**What the task requires:**
Without the pictures, write out every entry that follows exactly.

**Records from a collection:**
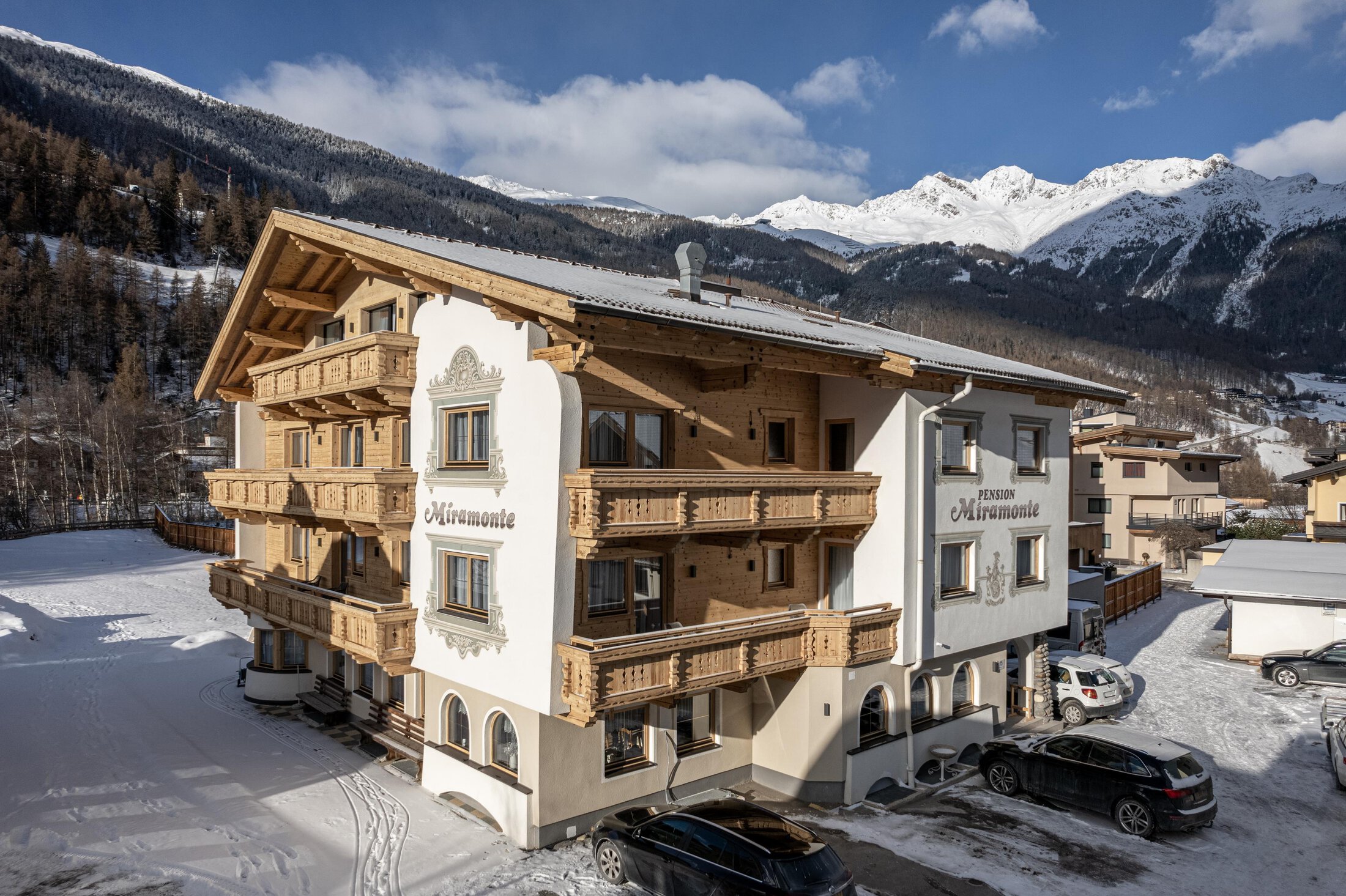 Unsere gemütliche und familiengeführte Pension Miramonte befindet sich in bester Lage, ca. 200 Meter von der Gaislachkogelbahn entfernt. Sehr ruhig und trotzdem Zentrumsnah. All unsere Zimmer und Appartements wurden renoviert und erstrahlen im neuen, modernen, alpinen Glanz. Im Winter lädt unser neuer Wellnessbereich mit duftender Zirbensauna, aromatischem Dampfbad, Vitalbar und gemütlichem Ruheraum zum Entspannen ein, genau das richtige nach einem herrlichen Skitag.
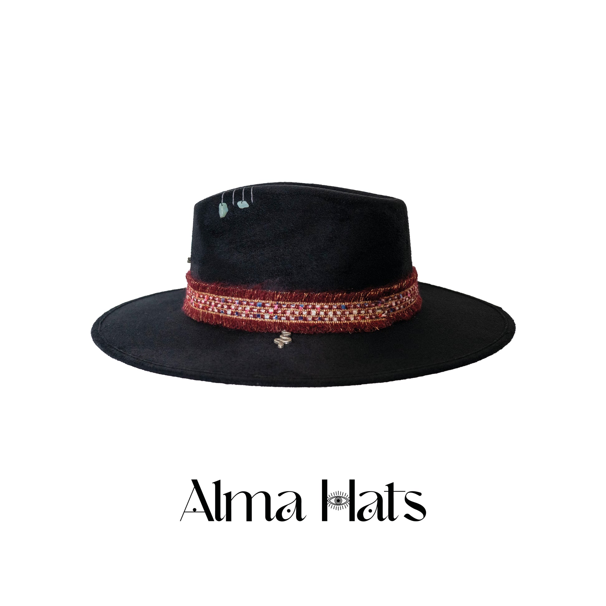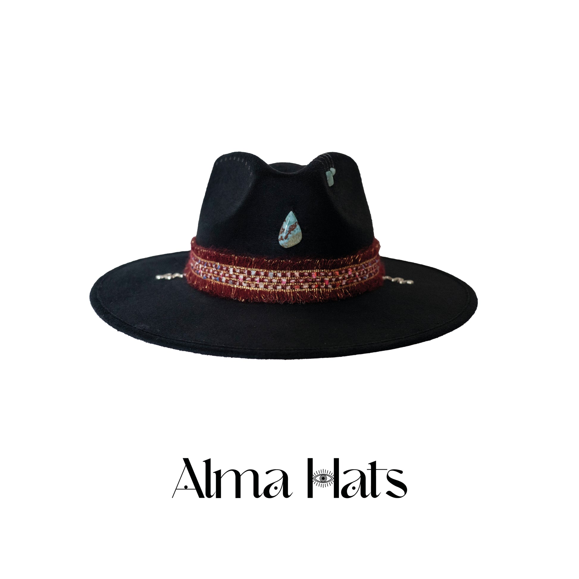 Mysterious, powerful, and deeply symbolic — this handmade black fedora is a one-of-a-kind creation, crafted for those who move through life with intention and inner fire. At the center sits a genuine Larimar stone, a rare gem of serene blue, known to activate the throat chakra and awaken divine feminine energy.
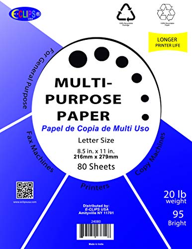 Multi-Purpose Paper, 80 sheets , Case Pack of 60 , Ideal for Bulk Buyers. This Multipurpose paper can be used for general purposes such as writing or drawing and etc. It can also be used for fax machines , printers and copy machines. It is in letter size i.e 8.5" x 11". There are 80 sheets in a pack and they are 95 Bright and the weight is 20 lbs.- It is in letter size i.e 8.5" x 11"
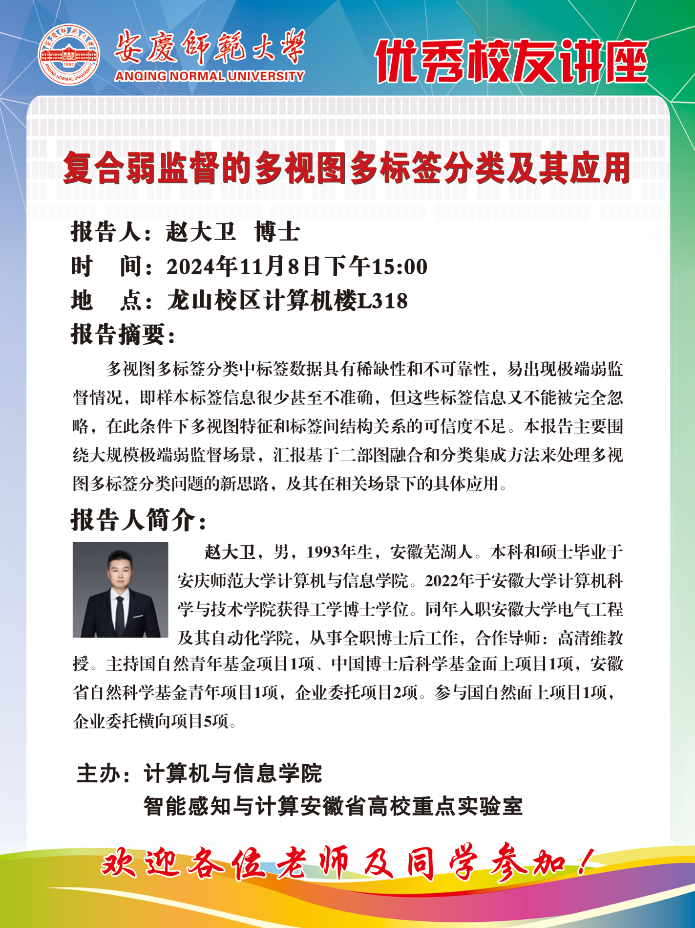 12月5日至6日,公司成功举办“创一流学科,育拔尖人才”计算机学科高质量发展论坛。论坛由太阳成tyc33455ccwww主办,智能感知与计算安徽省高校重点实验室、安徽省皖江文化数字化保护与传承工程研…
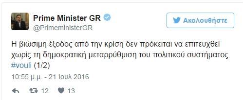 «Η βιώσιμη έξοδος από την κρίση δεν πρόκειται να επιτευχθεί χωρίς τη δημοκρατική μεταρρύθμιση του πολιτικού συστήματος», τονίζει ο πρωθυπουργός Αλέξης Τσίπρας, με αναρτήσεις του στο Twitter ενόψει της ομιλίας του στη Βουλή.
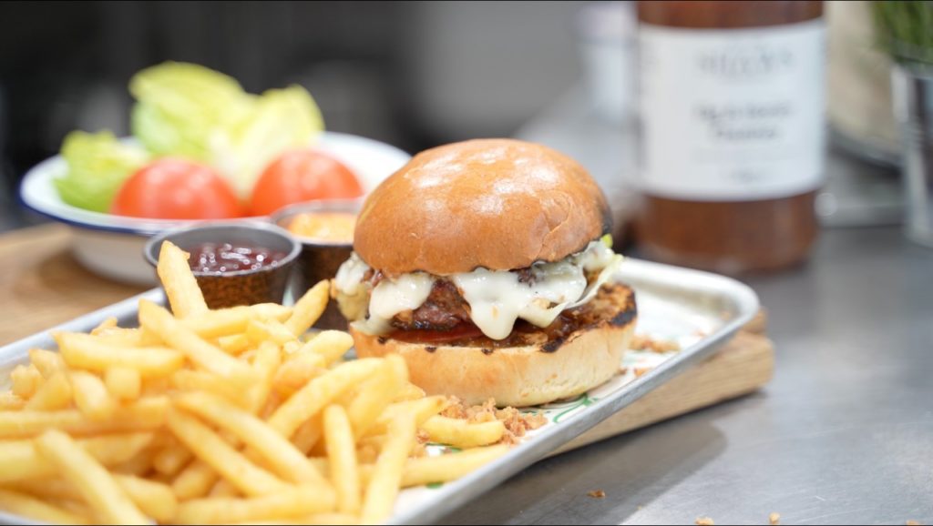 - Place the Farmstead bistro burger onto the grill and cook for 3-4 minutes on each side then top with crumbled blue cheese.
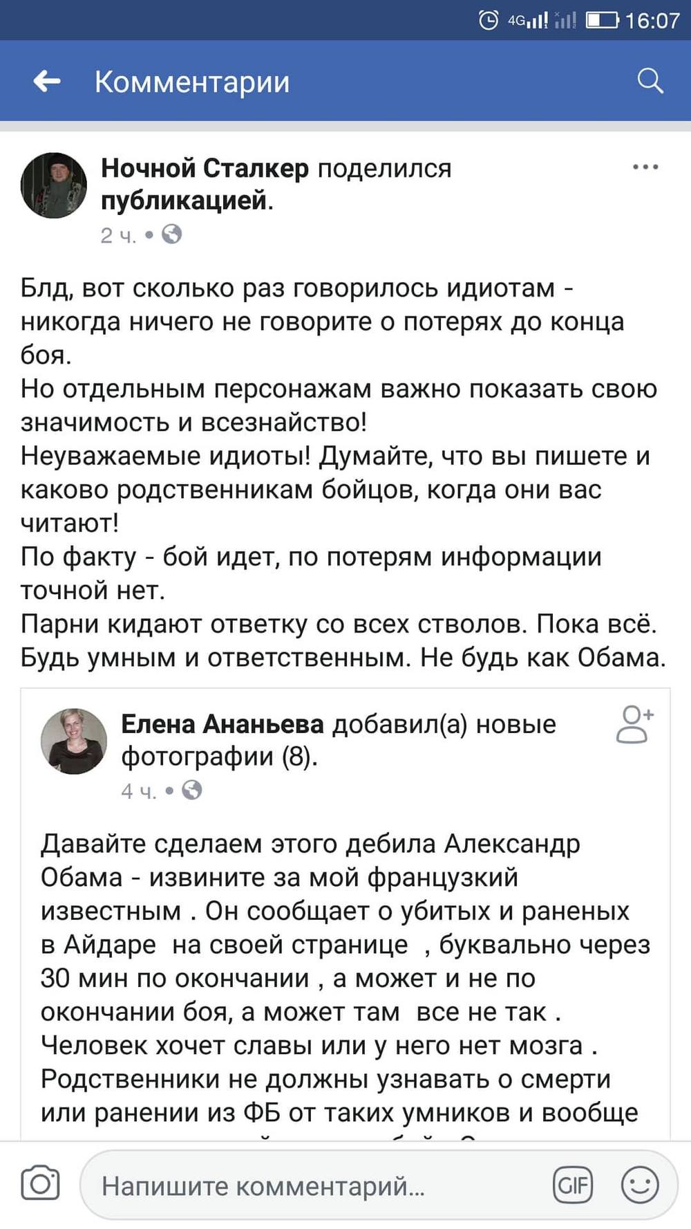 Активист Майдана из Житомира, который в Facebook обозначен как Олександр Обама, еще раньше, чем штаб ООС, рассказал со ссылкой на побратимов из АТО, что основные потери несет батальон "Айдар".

**Result of the exercise:**
 Unsere gemütliche und familiengeführte Pension Miramonte befindet sich in bester Lage, ca. 200 Meter von der Gaislachkogelbahn entfernt. Sehr ruhig und trotzdem Zentrumsnah. All unsere Zimmer und Appartements wurden renoviert und erstrahlen im neuen, modernen, alpinen Glanz. Im Winter lädt unser neuer Wellnessbereich mit duftender Zirbensauna, aromatischem Dampfbad, Vitalbar und gemütlichem Ruheraum zum Entspannen ein, genau das richtige nach einem herrlichen Skitag.
 Mysterious, powerful, and deeply symbolic — this handmade black fedora is a one-of-a-kind creation, crafted for those who move through life with intention and inner fire. At the center sits a genuine Larimar stone, a rare gem of serene blue, known to activate the throat chakra and awaken divine feminine energy.
 Multi-Purpose Paper, 80 sheets , Case Pack of 60 , Ideal for Bulk Buyers. This Multipurpose paper can be used for general purposes such as writing or drawing and etc. It can also be used for fax machines , printers and copy machines. It is in letter size i.e 8.5" x 11". There are 80 sheets in a pack and they are 95 Bright and the weight is 20 lbs.- It is in letter size i.e 8.5" x 11"
 12月5日至6日,公司成功举办“创一流学科,育拔尖人才”计算机学科高质量发展论坛。论坛由太阳成tyc33455ccwww主办,智能感知与计算安徽省高校重点实验室、安徽省皖江文化数字化保护与传承工程研…
 «Η βιώσιμη έξοδος από την κρίση δεν πρόκειται να επιτευχθεί χωρίς τη δημοκρατική μεταρρύθμιση του πολιτικού συστήματος», τονίζει ο πρωθυπουργός Αλέξης Τσίπρας, με αναρτήσεις του στο Twitter ενόψει της ομιλίας του στη Βουλή.
 - Place the Farmstead bistro burger onto the grill and cook for 3-4 minutes on each side then top with crumbled blue cheese.
 Активист Майдана из Житомира, который в Facebook обозначен как Олександр Обама, еще раньше, чем штаб ООС, рассказал со ссылкой на побратимов из АТО, что основные потери несет батальон "Айдар".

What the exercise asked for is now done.